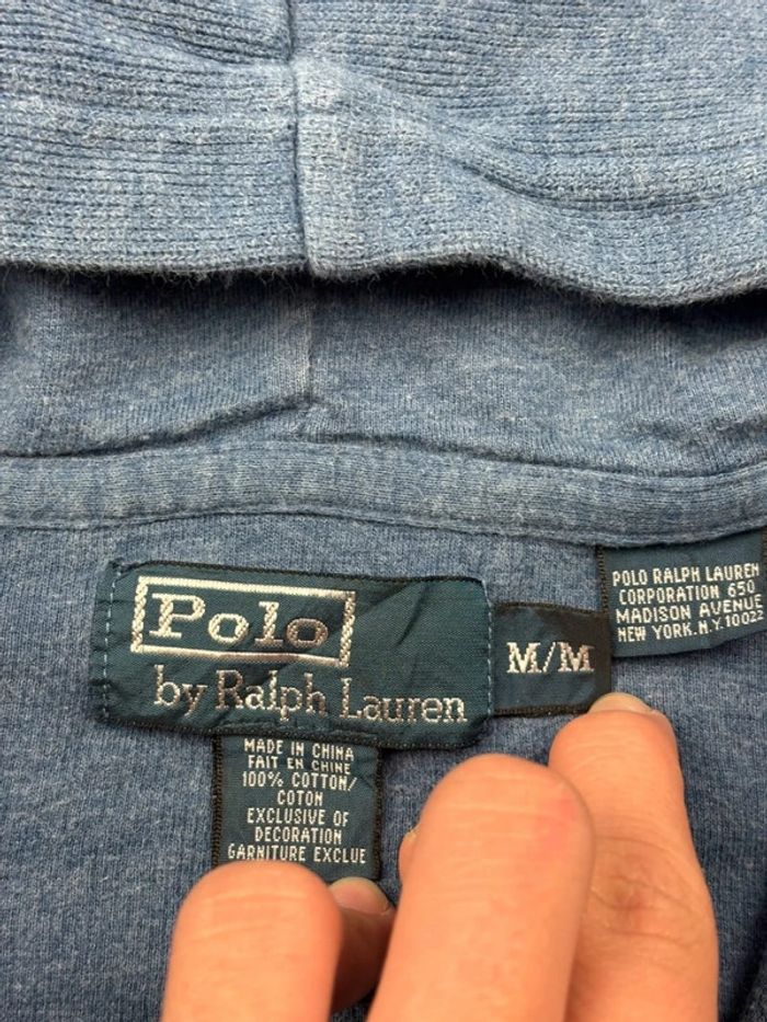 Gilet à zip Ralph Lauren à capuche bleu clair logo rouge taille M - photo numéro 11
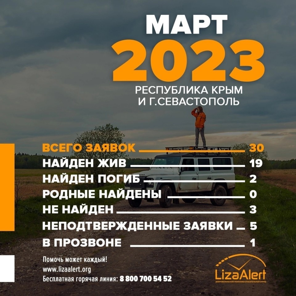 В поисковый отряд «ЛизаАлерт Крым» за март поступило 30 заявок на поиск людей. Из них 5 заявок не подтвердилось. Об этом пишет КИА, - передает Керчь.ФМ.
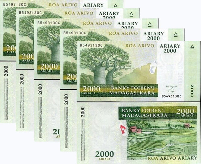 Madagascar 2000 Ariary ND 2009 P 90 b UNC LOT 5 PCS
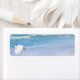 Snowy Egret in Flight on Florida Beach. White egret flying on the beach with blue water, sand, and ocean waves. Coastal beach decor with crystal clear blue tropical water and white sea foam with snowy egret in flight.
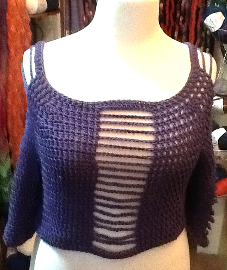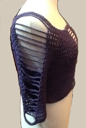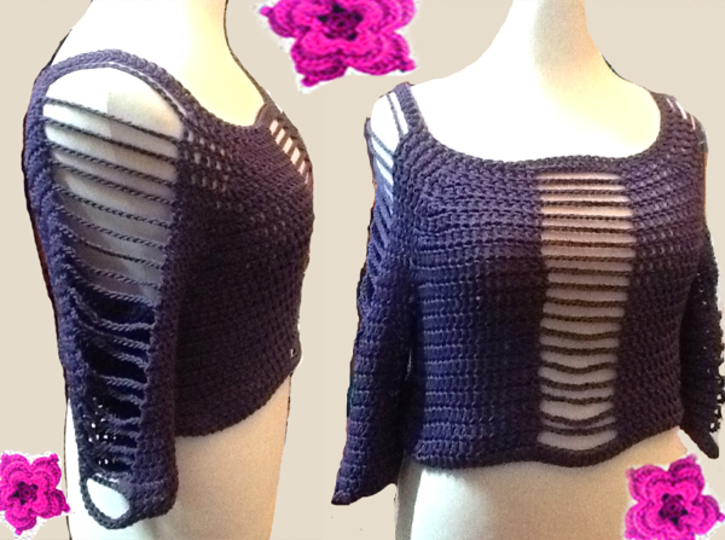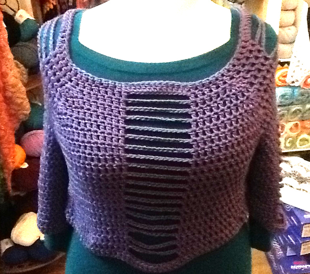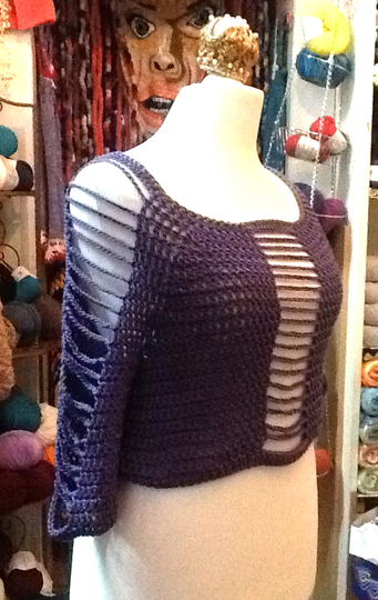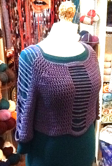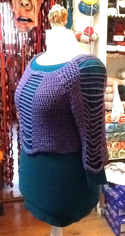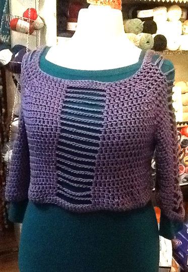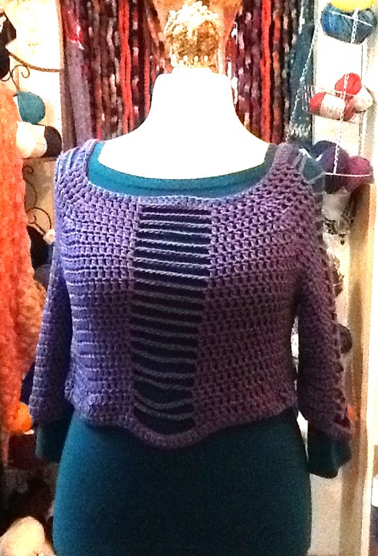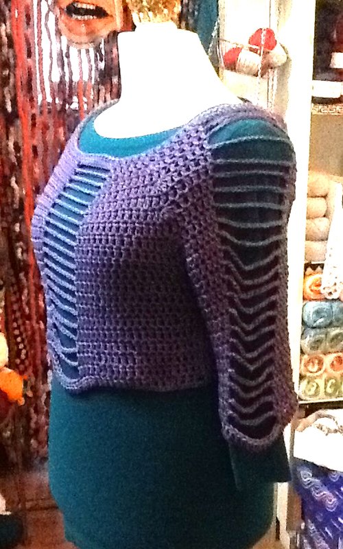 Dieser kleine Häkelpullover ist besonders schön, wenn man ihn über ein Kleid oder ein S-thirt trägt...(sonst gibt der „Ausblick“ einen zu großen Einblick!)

_What the task asks_. Set down every entry above without alteration, but print no images.

_Solution to this problem_.
 Gilet à zip Ralph Lauren à capuche bleu clair logo rouge taille M - photo numéro 11
 В поисковый отряд «ЛизаАлерт Крым» за март поступило 30 заявок на поиск людей. Из них 5 заявок не подтвердилось. Об этом пишет КИА, - передает Керчь.ФМ.
 Madagascar 2000 Ariary ND 2009 P 90 b UNC LOT 5 PCS
 Snowy Egret in Flight on Florida Beach. White egret flying on the beach with blue water, sand, and ocean waves. Coastal beach decor with crystal clear blue tropical water and white sea foam with snowy egret in flight.
 Dieser kleine Häkelpullover ist besonders schön, wenn man ihn über ein Kleid oder ein S-thirt trägt...(sonst gibt der „Ausblick“ einen zu großen Einblick!)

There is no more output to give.